> _Source records_
== Segment start ==
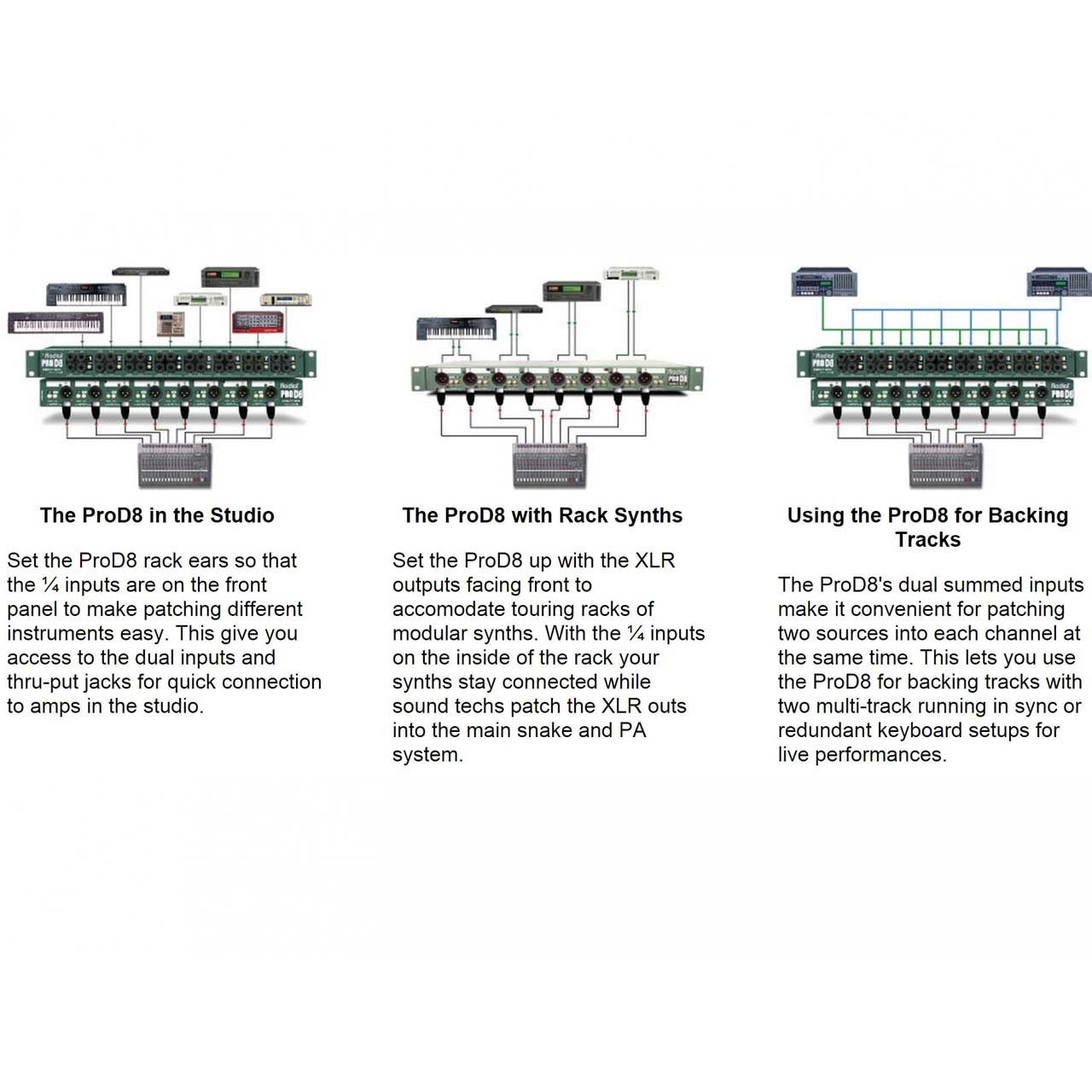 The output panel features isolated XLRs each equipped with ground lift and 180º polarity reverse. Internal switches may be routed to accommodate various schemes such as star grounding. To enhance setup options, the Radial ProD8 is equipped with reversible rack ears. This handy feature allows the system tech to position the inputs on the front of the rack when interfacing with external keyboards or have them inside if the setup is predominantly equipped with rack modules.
== Segment end ==
== Segment start ==
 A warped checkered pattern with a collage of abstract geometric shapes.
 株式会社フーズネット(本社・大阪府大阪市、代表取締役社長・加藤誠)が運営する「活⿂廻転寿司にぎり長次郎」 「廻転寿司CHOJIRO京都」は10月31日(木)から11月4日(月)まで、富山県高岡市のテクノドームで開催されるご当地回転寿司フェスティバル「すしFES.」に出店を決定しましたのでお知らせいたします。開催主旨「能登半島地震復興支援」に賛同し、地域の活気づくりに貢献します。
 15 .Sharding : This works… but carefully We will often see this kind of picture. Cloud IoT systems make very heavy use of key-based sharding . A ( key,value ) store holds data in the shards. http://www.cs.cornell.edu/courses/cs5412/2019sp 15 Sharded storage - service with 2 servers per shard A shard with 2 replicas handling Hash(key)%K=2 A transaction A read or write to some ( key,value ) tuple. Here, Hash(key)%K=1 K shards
== Segment end ==
== Segment start ==
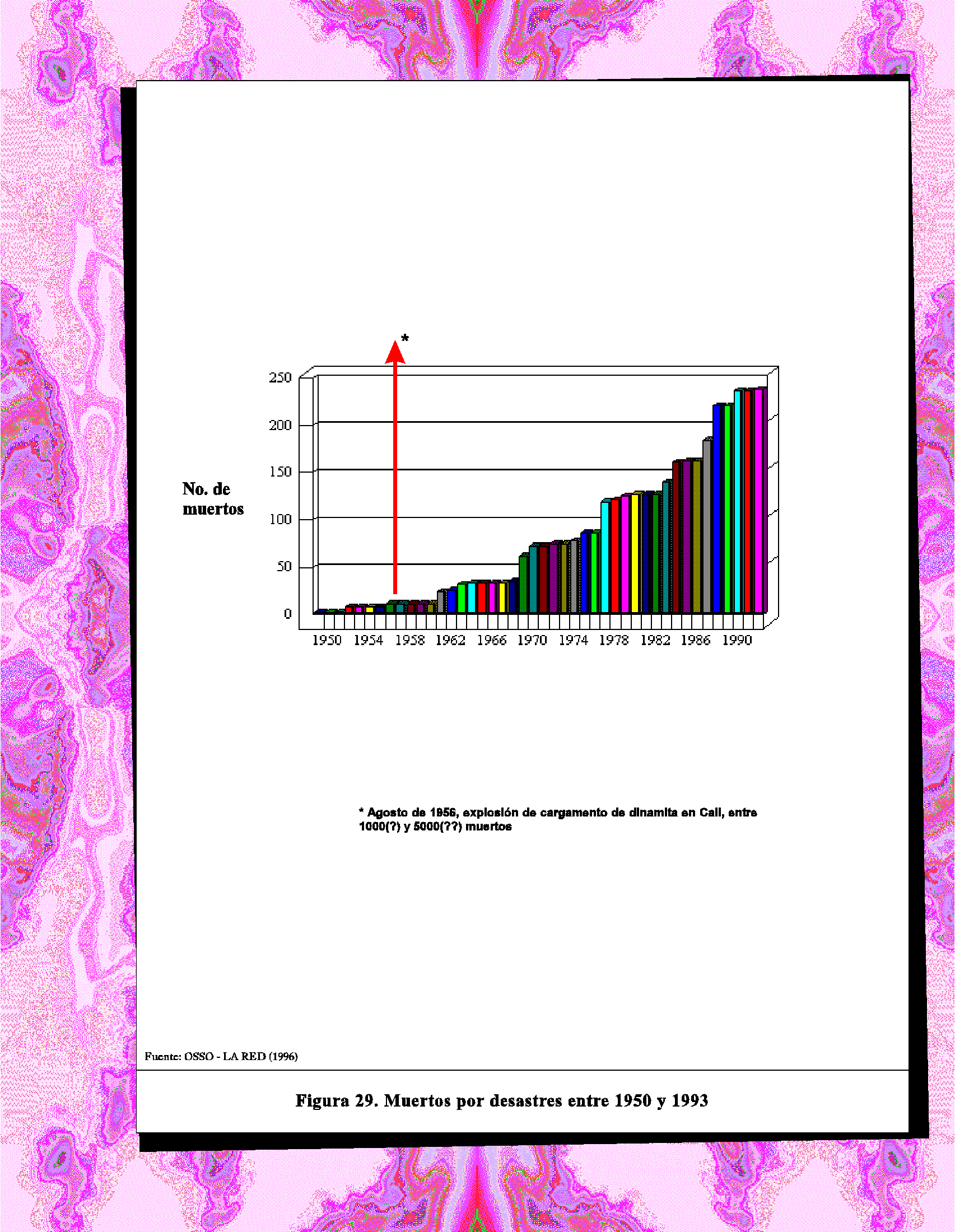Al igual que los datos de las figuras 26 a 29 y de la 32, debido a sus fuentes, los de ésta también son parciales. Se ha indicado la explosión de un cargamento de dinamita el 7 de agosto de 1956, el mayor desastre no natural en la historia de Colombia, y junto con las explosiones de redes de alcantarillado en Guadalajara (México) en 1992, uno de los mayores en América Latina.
== Segment end ==
> _The task_
Leave out every line above except those from the line with "A warped checkered" up to and including the line with "株式会社フーズネット(本社・", and copy those exactly.

> _Answer for this exercise_
 A warped checkered pattern with a collage of abstract geometric shapes.
 株式会社フーズネット(本社・大阪府大阪市、代表取締役社長・加藤誠)が運営する「活⿂廻転寿司にぎり長次郎」 「廻転寿司CHOJIRO京都」は10月31日(木)から11月4日(月)まで、富山県高岡市のテクノドームで開催されるご当地回転寿司フェスティバル「すしFES.」に出店を決定しましたのでお知らせいたします。開催主旨「能登半島地震復興支援」に賛同し、地域の活気づくりに貢献します。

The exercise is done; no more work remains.